Triple combination therapy is showing encouraging outcomes in improving the health and quality of life of patients with cystic fibrosis (CF). Triple combination therapy normally consists of three drugs: ivacaftor, tezacaftor, and elexacaftor. These medications are intended to target the underlying genetic alterations that cause CF.
Mucus in the airways is less sticky, and inflammation in the lungs is greatly reduced: In patients with cystic fibrosis (CF), triple combination therapy can accomplish these good, long-term outcomes. Researchers from Charité – Universitätsmedizin Berlin and the Max Delbrück Center recently published their findings in the European Respiratory Journal. According to their findings, this type of therapy reduces the symptoms of CF in many people.
Two years ago, a Charité-led study found that a three-drug combination therapy involving elexacaftor, tezacaftor, and ivacaftor is effective in a large proportion of patients with cystic fibrosis, a hereditary disease, meaning that the treatment improves both lung function and quality of life.
Now, a team led by Prof. Marcus Mall, the principal researcher in both studies, has explored for the first time if this type of treatment is also beneficial in the long run, i.e. over a period of 12 months or longer. To investigate this, the researchers examined sputum or secretions from patients’ respiratory tracts.
In patients with cystic fibrosis, the mucus in the airways is very sticky because it doesn’t contain enough water, and the mucins, the molecules that form mucus, adhere too much due to their chemical properties.
Prof. Marcus Mall
“In patients with cystic fibrosis, the mucus in the airways is very sticky because it doesn’t contain enough water, and the mucins, the molecules that form mucus, adhere too much due to their chemical properties. This results in thick, sticky mucus, which clogs the airways, making it harder for patients to breathe and leading to chronic bacterial infection and inflammation of the lungs,” explains Mall, Director of the Department of Pediatric Respiratory Medicine, Immunology and Critical Care Medicine and the Christiane Herzog Cystic Fibrosis Center at Charité.

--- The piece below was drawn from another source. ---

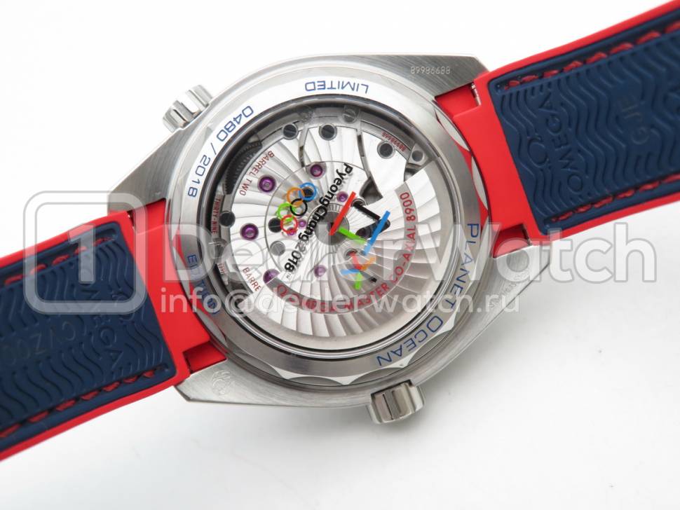 Корпус часов Omega Seamaster Planet Ocean 600M 43.5mm "Pyeongchang 2018" имеет размеры 43.5 х 15,2 мм. Стальная завинчивающаяся задняя крышка с сапфировым стеклом и гравировкой по радиусу кольца, с указанием серийного номера на душке корпуса. Индивидуальный серийный номер. Водозащита часов 10 АТМ.
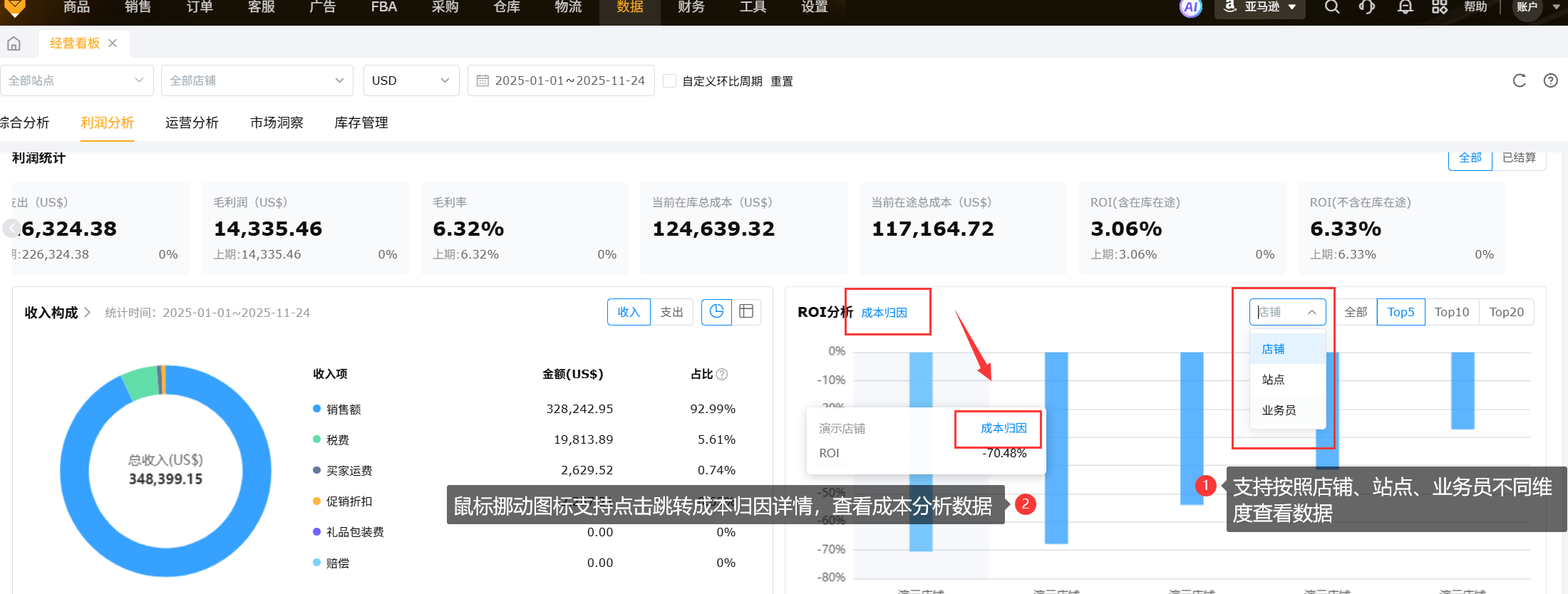 从销售、利润、库存、广告、售后5个核心维度来分析产品/店铺/人员带来的效益表现

The current study shows that a combination of elexacaftor, tezacaftor, and ivacaftor leads in less viscous respiratory secretions as well as decreased inflammation and bacterial infection in the lungs of cystic fibrosis patients. “Moreover, the effects lasted for the entire one-year study period. This is critical because previous medications caused a rebound in the bacterial load in the airways,” adds Dr. Simon Gräber, who also works in the Department of Pediatric Respiratory Medicine, Immunology, and Critical Care Medicine at Charité and was one of the study’s co-leaders. The experiment included 79 teenagers and adults with cystic fibrosis and chronic lung disease.
A major step in treating cystic fibrosis, further research important
“This is a major step forward in treating cystic fibrosis,” Mall says. “At the same time, it would be premature to say that patients have been normalized, let alone cured. Chronic lung changes arising over many years of living with the disease cannot be reversed, unfortunately.” This means patients with advanced lung disease will still need to rely on established treatments involving inhaling mucus-thinning medications, taking antibiotics, and physical therapy.
“We plan to forge ahead with our research on how to make treatments that address cystic fibrosis via the molecular defects that cause the disease – like the triple medication combination studied here — even more effective. This includes starting treatment in early childhood with the goal of preventing chronic lung changes wherever possible,” Mall notes.
“Aside from that, this therapy is currently unavailable to about 10% of our patients due to genetic conditions,” Gräber adds. “That is why we are also hard at work on research involving new molecular treatments so that we can effectively treat all people with cystic fibrosis.”
In addition, the researchers are attempting to improve their understanding of mucus problems in cystic fibrosis and to develop new mucolytics, or medications that thin and loosen the mucus. This findings could potentially help patients suffering from prevalent chronic inflammatory lung disorders including asthma and COPD.
Cystic fibrosis
Cystic fibrosis is one of the world’s most common deadly genetic disorders. In Germany now, up to 8,000 children, teenagers, and adults are infected with the disease. People with cystic fibrosis produce thick, sticky secretions that injure organs such as the lungs, gut, and pancreas due to an imbalance in salt and water transport across mucosal surfaces of the body. Despite breakthroughs in treatment, this causes progressive loss of lung function and shortness of breath, which dramatically reduces life expectancy. Every year, 150 to 200 children are born in Germany with this rare condition.